Ericsson leads trial of ‘first content’ media delivery without tariff penalties
Mon 27 Feb 2017

International telco Ericsson is launching a new collaboration with major Australian telco Telstra and the Fox Innovation Lab to deliver prime entertainment releases direct to consumer devices without the traditional bandwidth penalty of streaming high-rate data over capped mobile plans.
According to the announcement, prefiguring further news at Mobile World Congress 2017, the latest entertainment titles will be made available to participating consumers at the highest quality, and with the sanction of participating studios. An agreement seems to have been struck with Telstra to discount the bandwidth used by the titles for the purpose of the scheme – an innovation which may interest net neutrality advocates in the United States and elsewhere.
An initial month-long pilot of the scheme rolls out to pre-selected subscribers today.
Ericsson’s senior VP Per Borgklint commented on the experiment:
“This live pilot is an example of how Ericsson is partnering with industry leaders across both the content and telco worlds to deliver innovative solutions that will transform viewing experiences and create new business models and monetization opportunities that help our customers to be competitive and lead the pack as digital pioneers. This pilot is the first service offering of its kind and an important industry milestone.”
Despite the increasing uptake of digital delivery platforms to theatrical issue and the diminution of the physical rental market in favour of streaming, the release cycle of films still largely follows a legacy pattern where non-cinema availability trails major release by 1-3 months (and approximately three years, usually, in the case of network and streaming providers).

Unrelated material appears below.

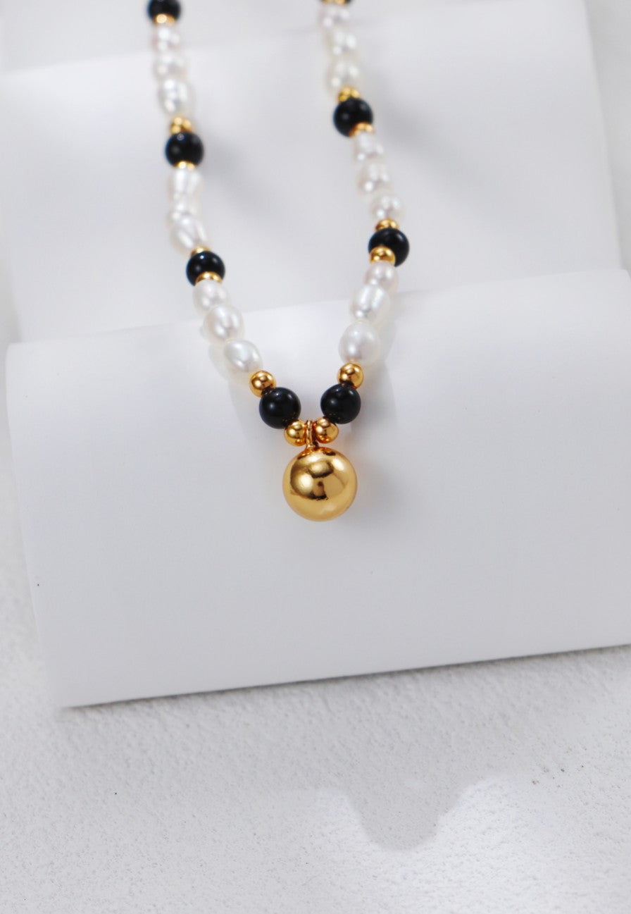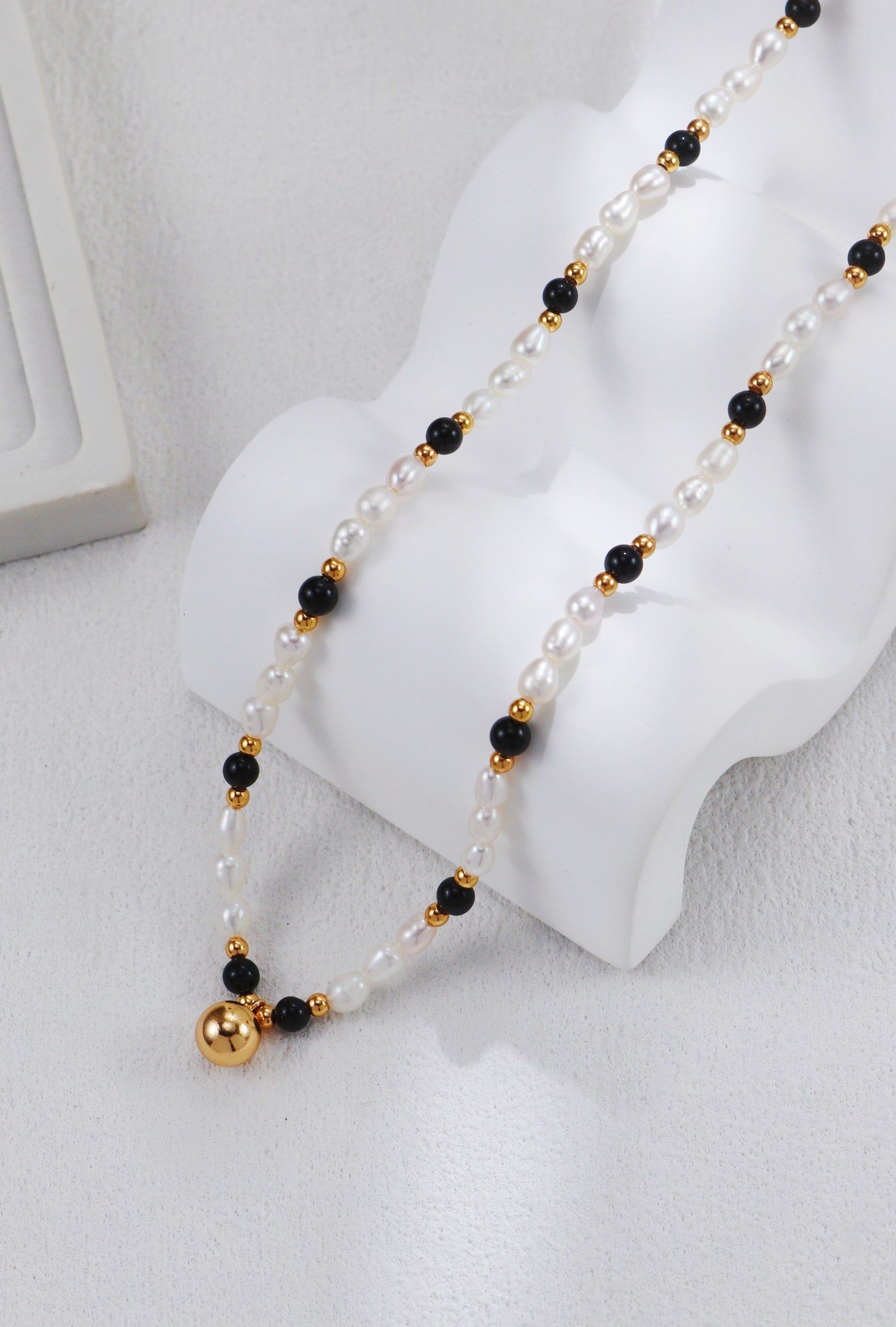 A delicate balance of luminous pearls, deep black beads, and gold accents, finished with a subtle charm. Classic yet modern, perfect for effortless elegance.

It’s not entirely clear from the initial details whether or not the Ericsson/Telstra/Fox deal will actually offer consumers the chance to watch content which is currently on theatrical release, in the same way that the well-heeled subscribers to Prima are able to do – or whether the point of availability will be within the three-month window of post-theatrical monetisation.
According to Ericsson ‘The movies are pre-positioned on the consumer’s device and are available immediately for purchase or rent and play in full 1080p HD and high quality audio without interruption, both online and offline, and irrespective of network connectivity.’
Netflix is also beginning to roll out offline movie services across its global base – a move which primarily applies to mobile devices because of the very closed ecosystems of iOs and (to a lesser extent) Android. No major streaming provider has yet shown the will to provide offline viewing capabilities to desktop devices, with the exception of the BBC’s iPlayer service, which allows time-limited downloads.
The increasing availability of DRM-controlled services such as that announced by Ericsson lends further weight to the contention that more ‘controllable’ devices, such as laptops and full-fledged PCs – may increasingly become second-class citizens in terms of legitimate audio-visual capability; unless the operating systems in question close the consumer off from back-end access in the way that smartphones and tablets currently do (with the exception of jailbroken devices, which usually prevent DRM systems from functioning correctly).